▶

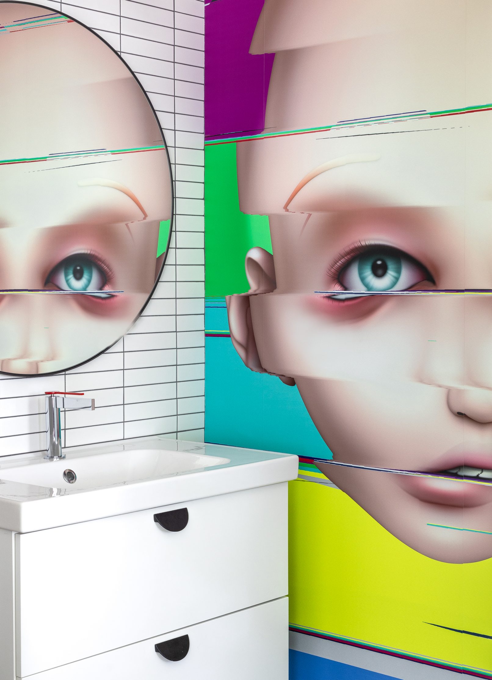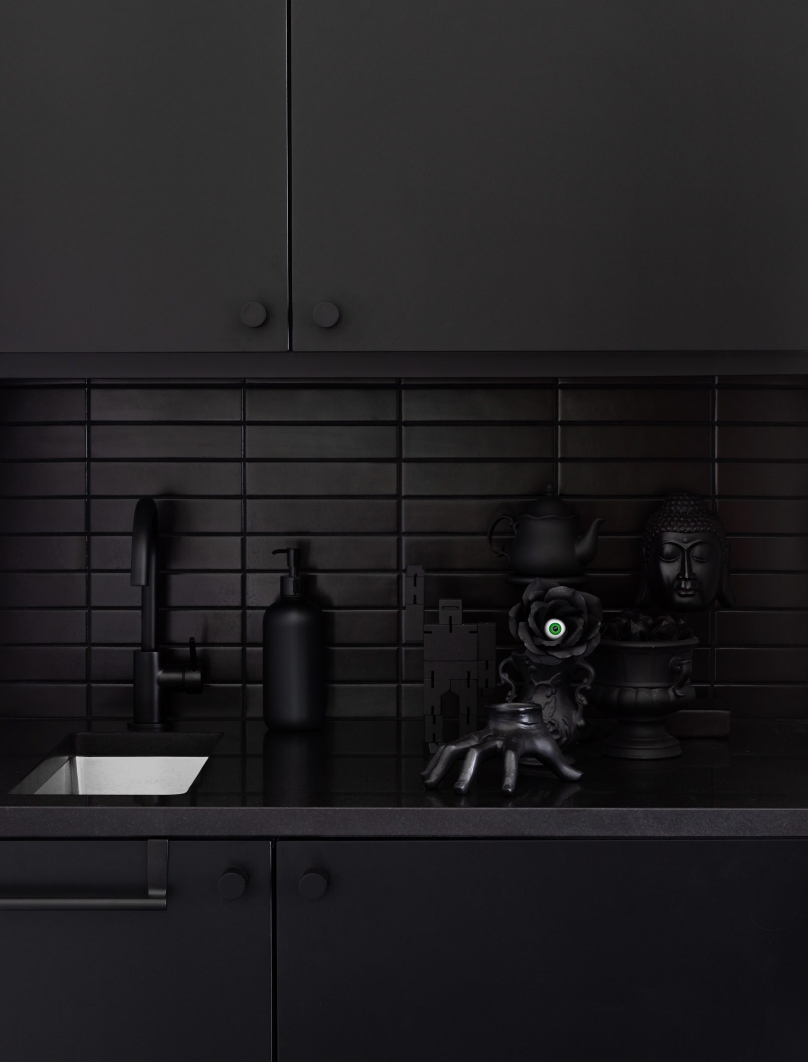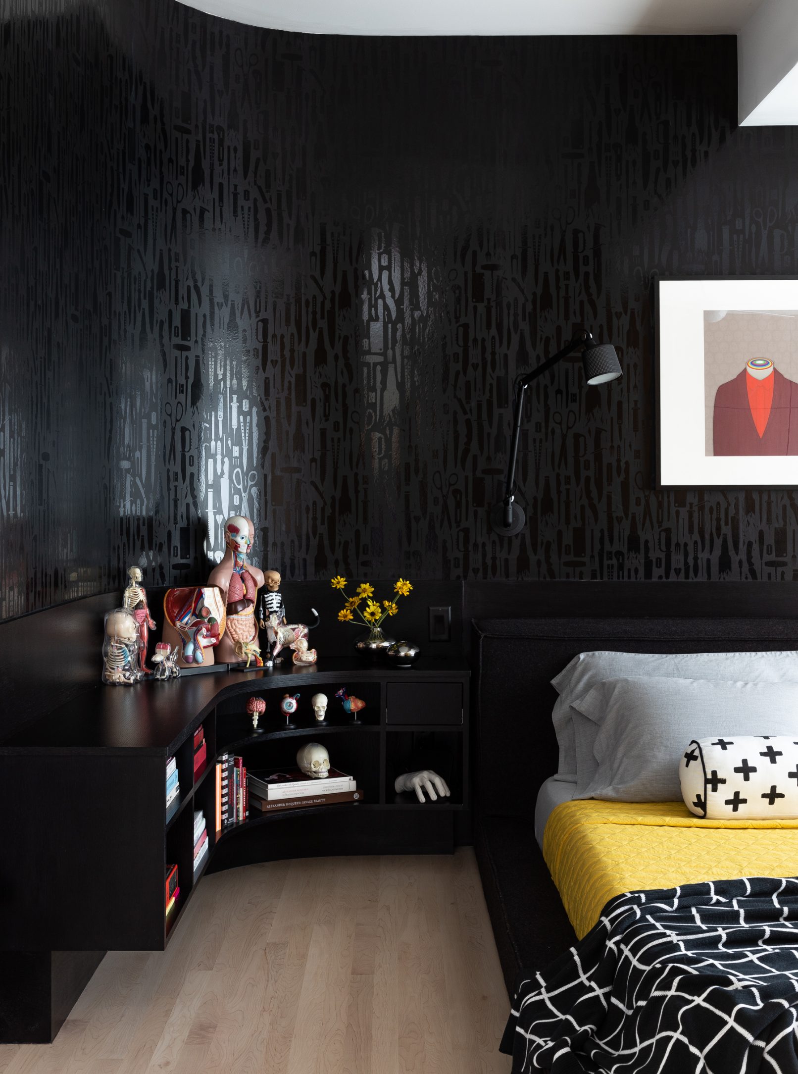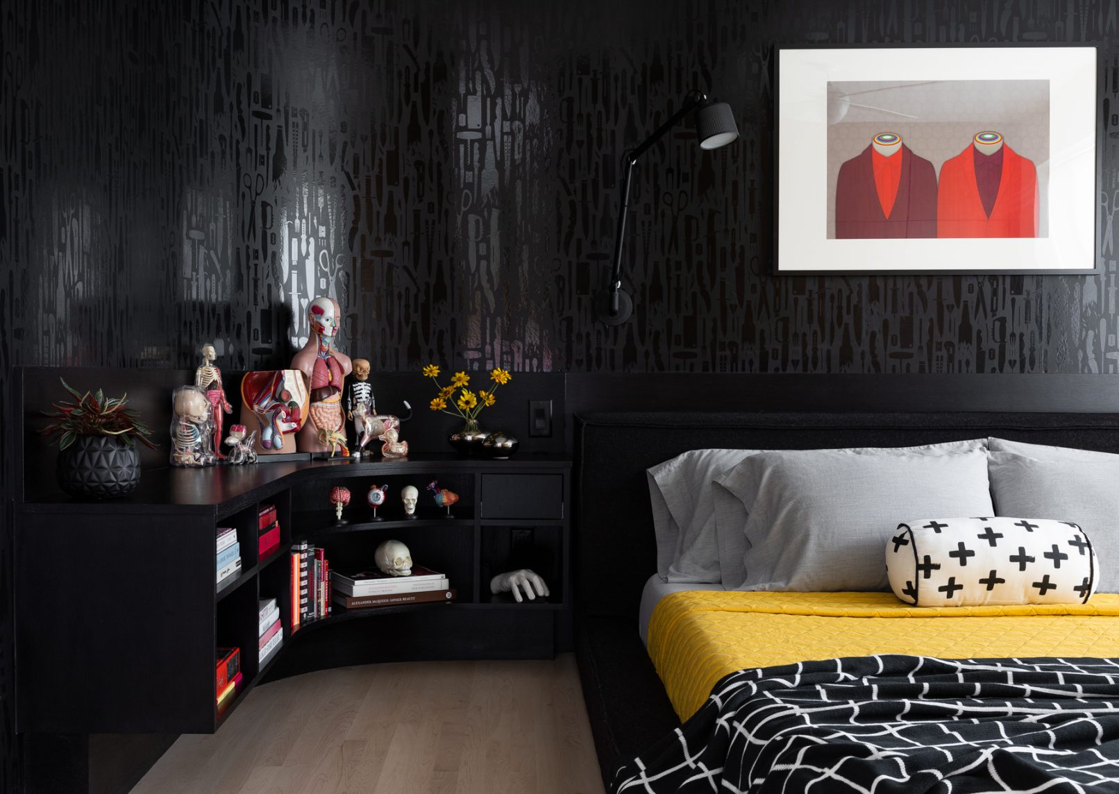 What began as a stereotypical early 90’s home, complete with angled soffits, pink sinks, glass block windows, and carpeted bathrooms, is now a unique modern abode sitting alongside a wooded hill in the SW Portland neighborhood of Healy Heights. The final design was a collaborative process between the THESIS design team, Hammer & Hand Construction, and the passionate and creative homeowners, both of whom are graphic artists. The owner’s design brief involved a restrained overall palette for the interior, creating a bright and airy “vessel” for their art, which is bold, punchy, and ever-changing. On the exterior, a moody black body color for the home is set off by powder-coated metalwork in primary colors – a striking visual surprise in the backdrop of the forest setting. A singular statement on the exterior comes in the form of a punched circular opening in a gabled parapet that highlights a roof deck inspired by the client’s favorite movie – Tim Burton’s Beetlejuice. The result is a home that is as much art as it is architecture, and is a deeply personal expression of the clients own unique aesthetic. Photos by Haris Kenjar Photography
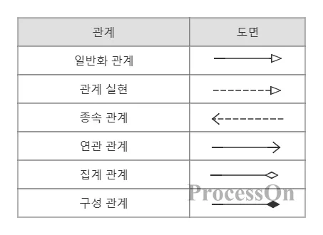 의존성: 메서드 매개변수가 다른 클래스를 사용하는 경우와 같이 일시적인 사용 관계를 나타냅니다. 점선 화살표로 표시됩니다.
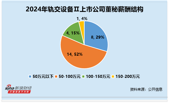 分行业来看,机械设备-轨交设备Ⅱ行业(申万二级行业)上市公司董秘2024年薪酬平均数约为72.73万元。其中薪酬最高为康尼机电陈磊,大专学历,2024年薪酬高达159.40万元;薪酬最低为工大高科胡梦慧,2024年薪酬为24.93万元(统计剔除了未完整领取2024年全年薪酬的董秘)。从整体薪酬分布来看,薪酬在50-100万元人数最多,共计14人,占比52%。
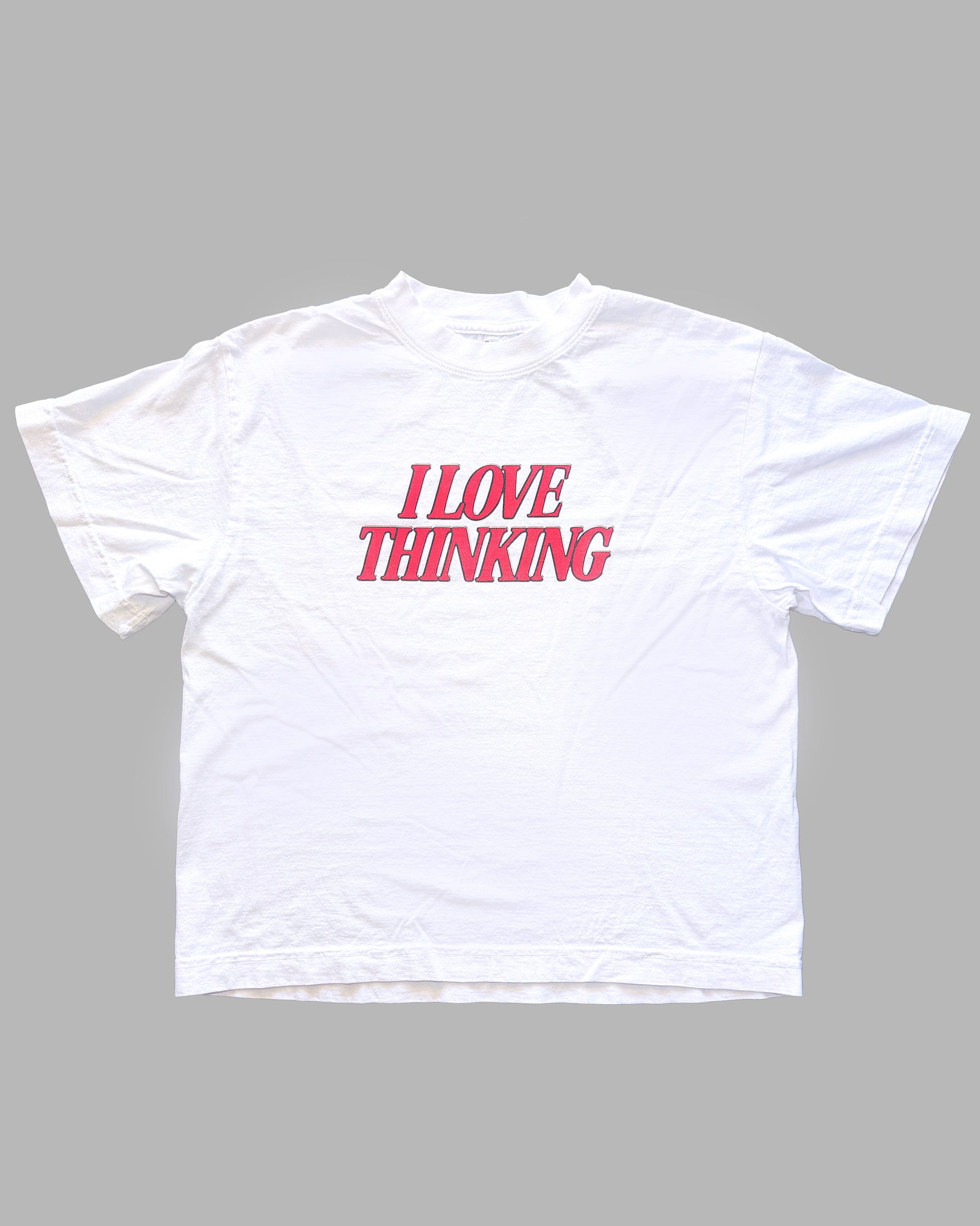 Tubular body with a slightly boxy oversized fit. Midweight cotton. I Love Thinking in red with black outline printed on the front. Bridget is 5' 4" and wearing a size small.

◀

▸ Task description: When you retype the material above, keep every word exact and drop the images.

▸ Exercise solution:
 What began as a stereotypical early 90’s home, complete with angled soffits, pink sinks, glass block windows, and carpeted bathrooms, is now a unique modern abode sitting alongside a wooded hill in the SW Portland neighborhood of Healy Heights. The final design was a collaborative process between the THESIS design team, Hammer & Hand Construction, and the passionate and creative homeowners, both of whom are graphic artists. The owner’s design brief involved a restrained overall palette for the interior, creating a bright and airy “vessel” for their art, which is bold, punchy, and ever-changing. On the exterior, a moody black body color for the home is set off by powder-coated metalwork in primary colors – a striking visual surprise in the backdrop of the forest setting. A singular statement on the exterior comes in the form of a punched circular opening in a gabled parapet that highlights a roof deck inspired by the client’s favorite movie – Tim Burton’s Beetlejuice. The result is a home that is as much art as it is architecture, and is a deeply personal expression of the clients own unique aesthetic. Photos by Haris Kenjar Photography
 의존성: 메서드 매개변수가 다른 클래스를 사용하는 경우와 같이 일시적인 사용 관계를 나타냅니다. 점선 화살표로 표시됩니다.
 分行业来看,机械设备-轨交设备Ⅱ行业(申万二级行业)上市公司董秘2024年薪酬平均数约为72.73万元。其中薪酬最高为康尼机电陈磊,大专学历,2024年薪酬高达159.40万元;薪酬最低为工大高科胡梦慧,2024年薪酬为24.93万元(统计剔除了未完整领取2024年全年薪酬的董秘)。从整体薪酬分布来看,薪酬在50-100万元人数最多,共计14人,占比52%。
 Tubular body with a slightly boxy oversized fit. Midweight cotton. I Love Thinking in red with black outline printed on the front. Bridget is 5' 4" and wearing a size small.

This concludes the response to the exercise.